Background: Although frailty is used to predict morbidity and mortality, its effect on the outcomes of acute type A aortic dissection has not been examined. Therefore, the objective of this study was to evaluate the role of frailty in predicting postoperative morbidity and mortality of patients with acute type A aortic dissection.
Methods: A retrospective analysis of a prospectively maintained database was undertaken for all patients (n = 310) undergoing aortic surgery between May 2004 and March 2017. Frailty was evaluated using an index consisting of age more than 70 years, body mass index less than 18.5 kg/m2, serum creatinine greater than 1.2 mg/dL, anemia, history of stroke, hypoalbuminemia, and the psoas muscle area index. One point was given for each criterion met, for a frailty score between 0 and 7. Frailty was defined as a score of 3 or more.
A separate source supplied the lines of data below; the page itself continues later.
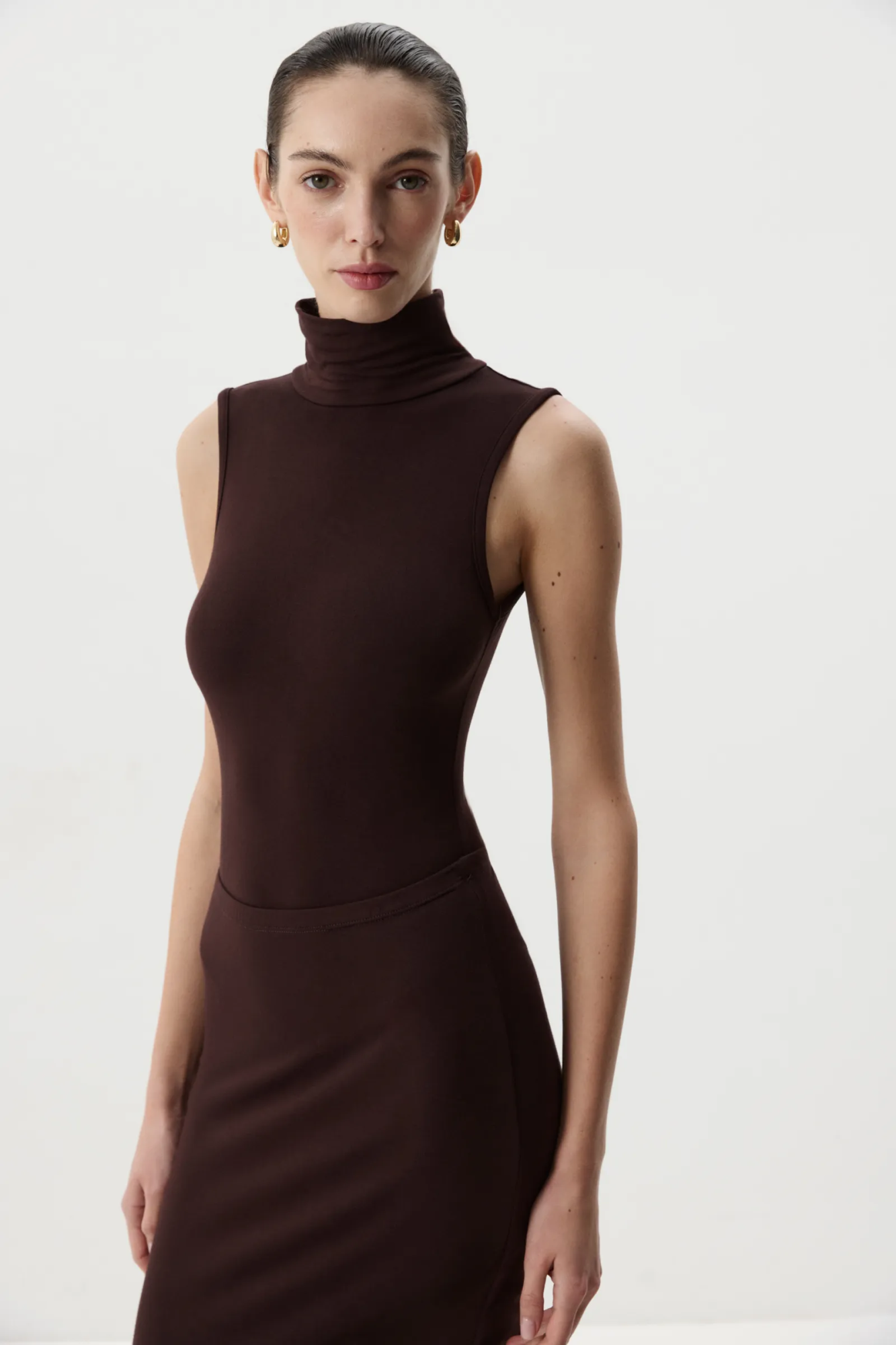 Боди из мягкой трикотажной вискозы. Приталенный силуэт с воротником-стойка - это идеальная база для любого образа. Изделие застегивается на кнопки по низу.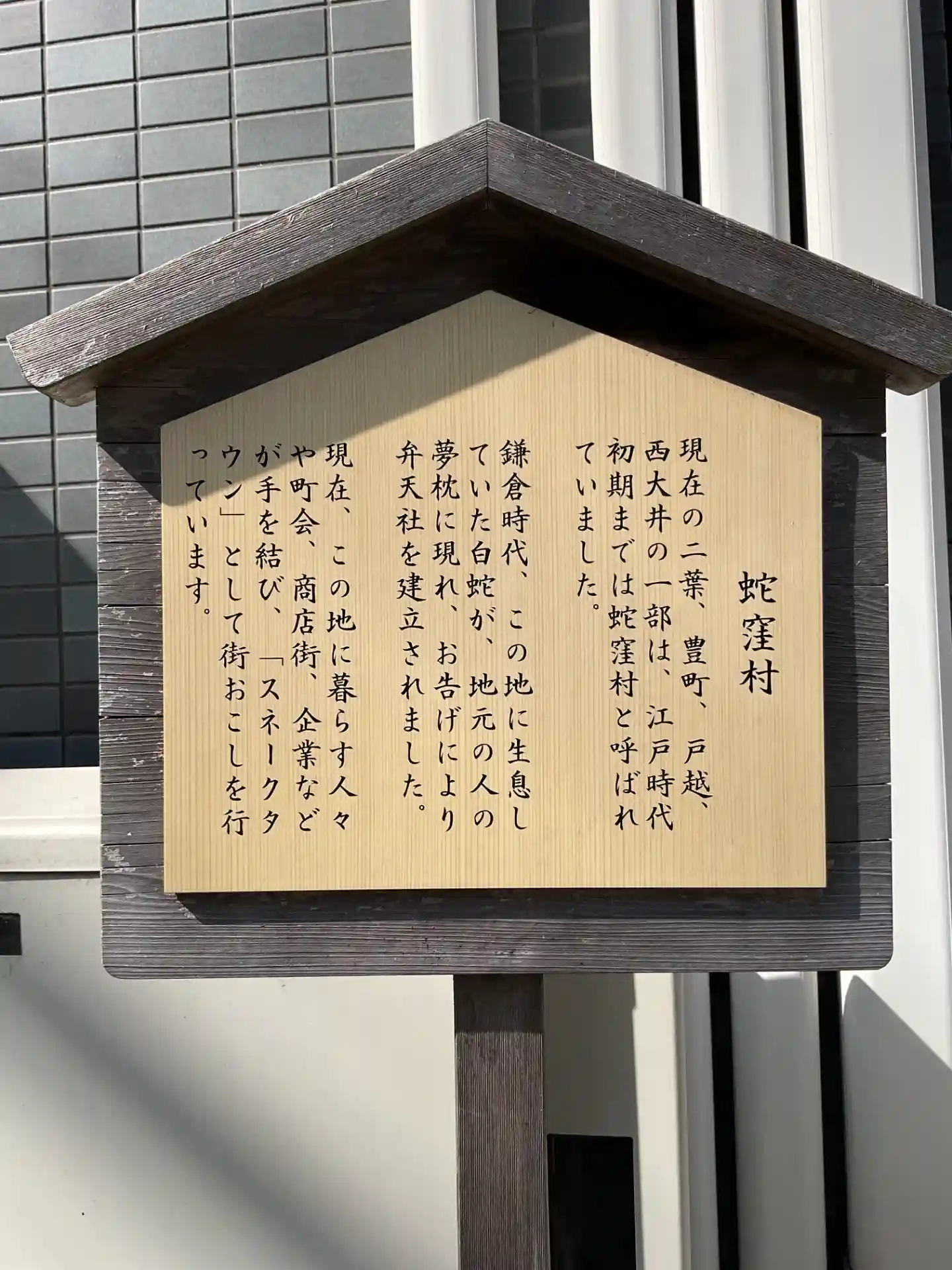 蛇窪村だったという立看板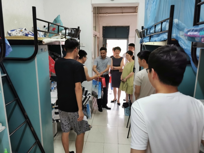 在端午佳节来临之际,6月24日下午,副经理徐朝阳到英国365集团官网员工寝室走访第二批返校员工,向员工致以节日问候和祝福,并送上端午爱心礼包。公司党总支副书记、副经理崔晓霞、辅导员和员工工作秘书等人陪同。

Results: Of all patients, 106 (34.2%) were defined as frail. Inhospital mortality rates of frail versus nonfrail patients were not significantly different (10.4% versus 8.3%, respectively; p = 0.54). Incidences of postoperative major morbidities without reexploration for bleeding were also not statistically different. Five-year survival rates were significantly worse for frail patients than for nonfrail patients (57.7% versus 85.1%, respectively; p = 0.0001). A frailty score of 3 or greater was associated with late mortality, and long-term outcomes were clearly stratified by frailty score.
Conclusions: Frailty, as defined using a seven-component frailty index, can serve as an independent predictor of the risk of late mortality for patients undergoing surgery for acute type A aortic dissection. Such frailty markers, all of which are easily assessed preoperatively, may provide valuable information for patient counseling and risk stratification before aortic surgery.